══ MATERIAL SHOWN
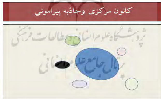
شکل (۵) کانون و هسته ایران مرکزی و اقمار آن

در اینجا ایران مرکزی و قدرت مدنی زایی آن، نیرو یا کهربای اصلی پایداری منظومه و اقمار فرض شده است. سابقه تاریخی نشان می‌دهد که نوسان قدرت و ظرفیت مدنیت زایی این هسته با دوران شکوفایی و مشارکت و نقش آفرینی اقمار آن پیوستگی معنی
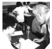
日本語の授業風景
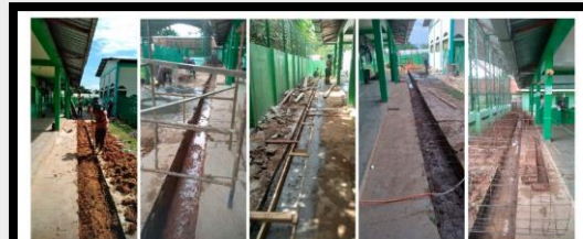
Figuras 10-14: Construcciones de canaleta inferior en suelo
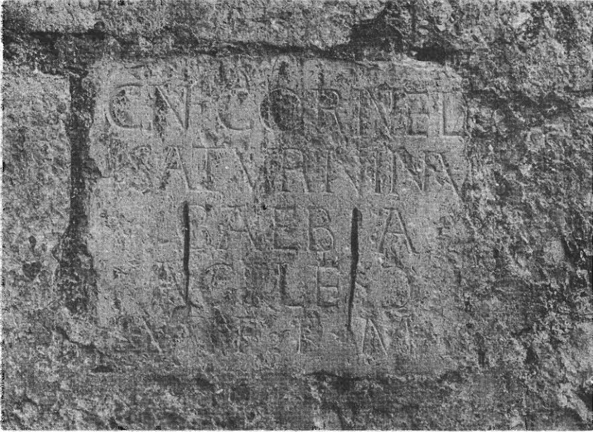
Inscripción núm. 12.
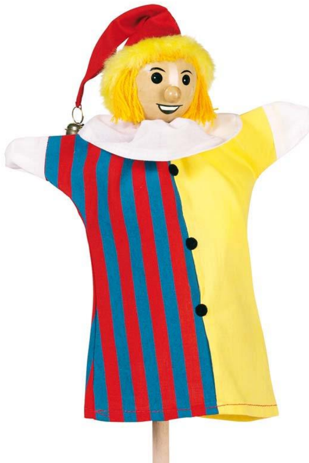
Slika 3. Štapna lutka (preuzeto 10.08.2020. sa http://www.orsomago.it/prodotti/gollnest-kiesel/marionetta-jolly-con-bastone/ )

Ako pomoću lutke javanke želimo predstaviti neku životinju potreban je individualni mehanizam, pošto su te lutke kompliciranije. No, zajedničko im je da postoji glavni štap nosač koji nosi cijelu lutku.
════
- _YOUR GOAL_
Go to the line that contains "Inscripción núm. 12." and copy it and every line after it through the end of the entries, exactly, without the pictures.

- _ANSWER TO THE PROBLEM_
Inscripción núm. 12.
Slika 3. Štapna lutka (preuzeto 10.08.2020. sa http://www.orsomago.it/prodotti/gollnest-kiesel/marionetta-jolly-con-bastone/ )

Ako pomoću lutke javanke želimo predstaviti neku životinju potreban je individualni mehanizam, pošto su te lutke kompliciranije. No, zajedničko im je da postoji glavni štap nosač koji nosi cijelu lutku.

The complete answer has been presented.